In this paper we proposed a multilevel partitioning method for cluster-based FPGAs. This method improves the routability by decreasing the number of required tracks in the FPGA routing. This method has also a good effect on optimising the critical path. Those improvements were achieved thanks to the multilevel partitioning and the choice of the objective function. Those results in terms of area and power reduction are important for FPGA embedding on SOC.

# 7. REFERENCES

- [1] V.Betz, J.Rose and A.Marquartdt, "Architecture and CAD for Deep-Submicron FPGAs", Kluwer Academic Bublishers, 1999.

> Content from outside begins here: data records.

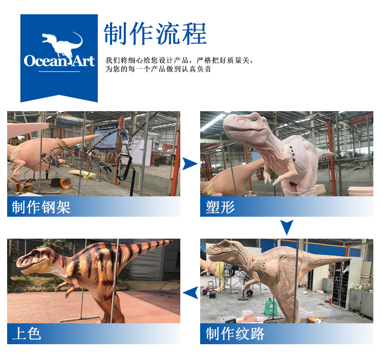 動 作:人穿在恐龍身體里面,控制恐龍動作
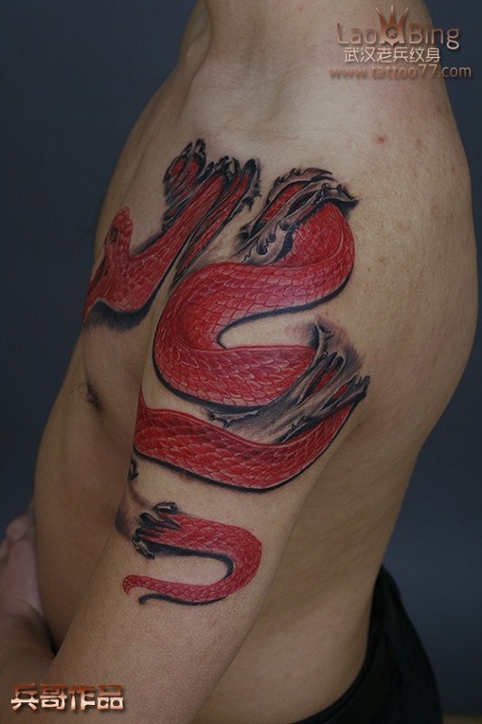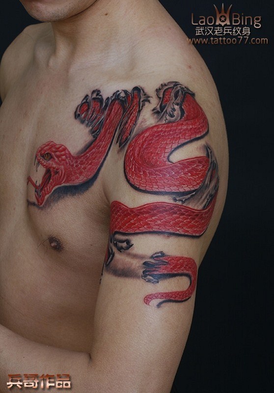 武汉专业纹身店:帅气的3D撕皮蛇纹身图案作品
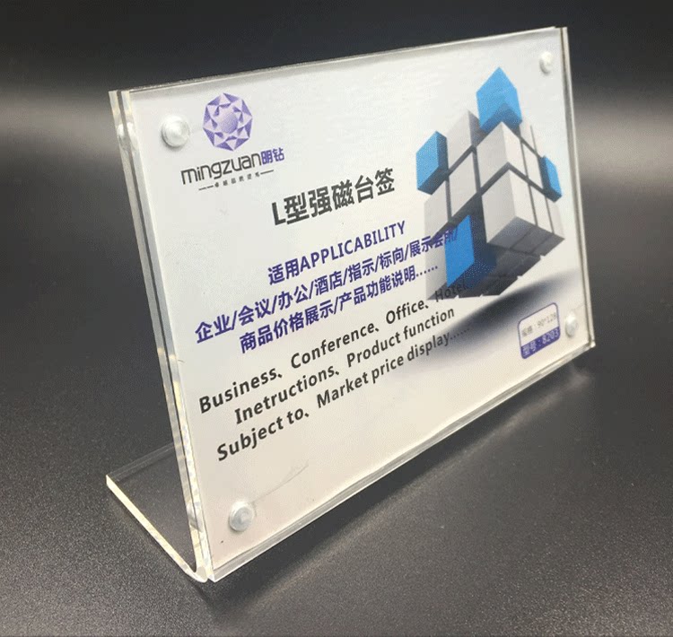 90*128 L-shaped Taiwan brand high-grade transparent acrylic strong magnetic double-sided table card table card table card display card 8203
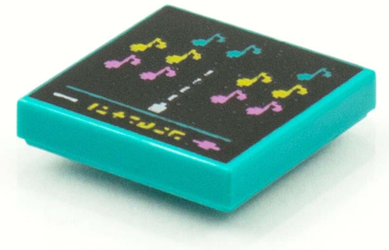 LEGO Alkatrészek 3068bpb1535c39 - LEGO sötét türkiz csempe 2 x 2 méretű, Space Invaders stílusú hangjegy mintával.
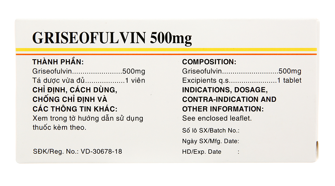 – Cần lưu ý phụ nữ không nên có thai trong vòng 1 tháng sau khi ngừng sử dụng thuốc có chứa griseofulvin.
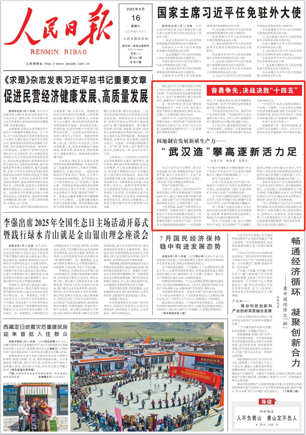 8月16日,人民日报1版刊发报道《因地制宜发展新质生产力——“武汉造”攀高逐新活力足》,全文如下:
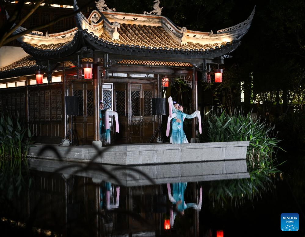 Artists perform at a tourism site in Chengdu of southwest China's Sichuan Province, on July 14, 2023. The 31st FISU Summer World University Games is scheduled to take place in Chengdu from July 28 to August 8, 2023. (Xinhua/Wang Xi)
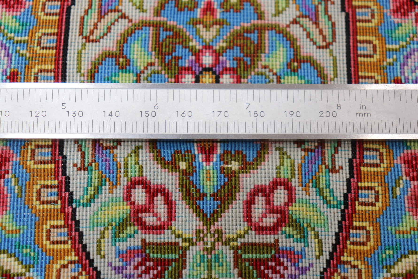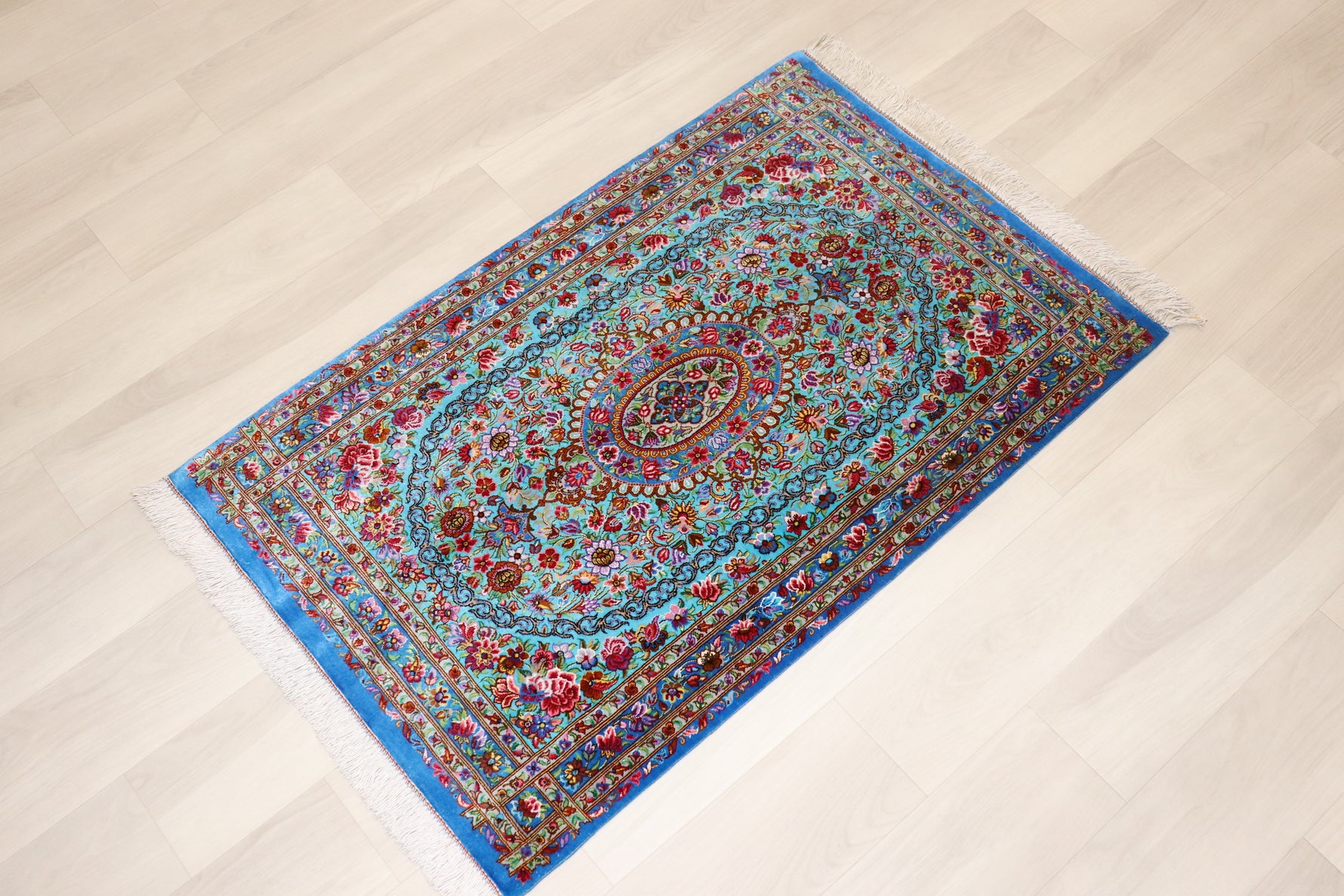 This 100% silk Persian carpet features a vibrant floral design on a pale blue field color. The central oval medallion forms the center of gravity of the design, while the floral patterns and intricate arabesque patterns surrounding it breathe life into the entire carpet. The blue borders are designed with overlapping ribbons at each corner, tightening the overall look while also adding a touch of sophistication.

- [2] A.Marquart, V.Betz and J.Rose "Using Cluster-Based Logic blocks and Timing-Driven Packing to improve FPGA speed and density" ACM/SIGDA International Symposium on Field Programmable Gate Arrays, Montrey, CA, February 1999, pp.37-46.
- [3] E.Bozogzadeh, S.Ogrenci-Memik, M.Sarrafzadeh, "RPack: Routability-driven Packing for cluster-based FPGAs", Proceedings, Asia-South Pacific Design Automation conference, January 2001.
- [4] G.Karypis and V.Kumar, "Multilevel k-way Hypergraph Partitioning", DAC99, New Orleans Louisiana.
- [5] V.Betz, J.Rose "A New Packing, Placement and Routing tool for FPGA research", Proc Seventh FPLA, pp.213-222, 1997.
- [6] S.Yang, "Logic synthesis and optimization benchmarks" user guide version 3.0. MCNC, Jan. 1991.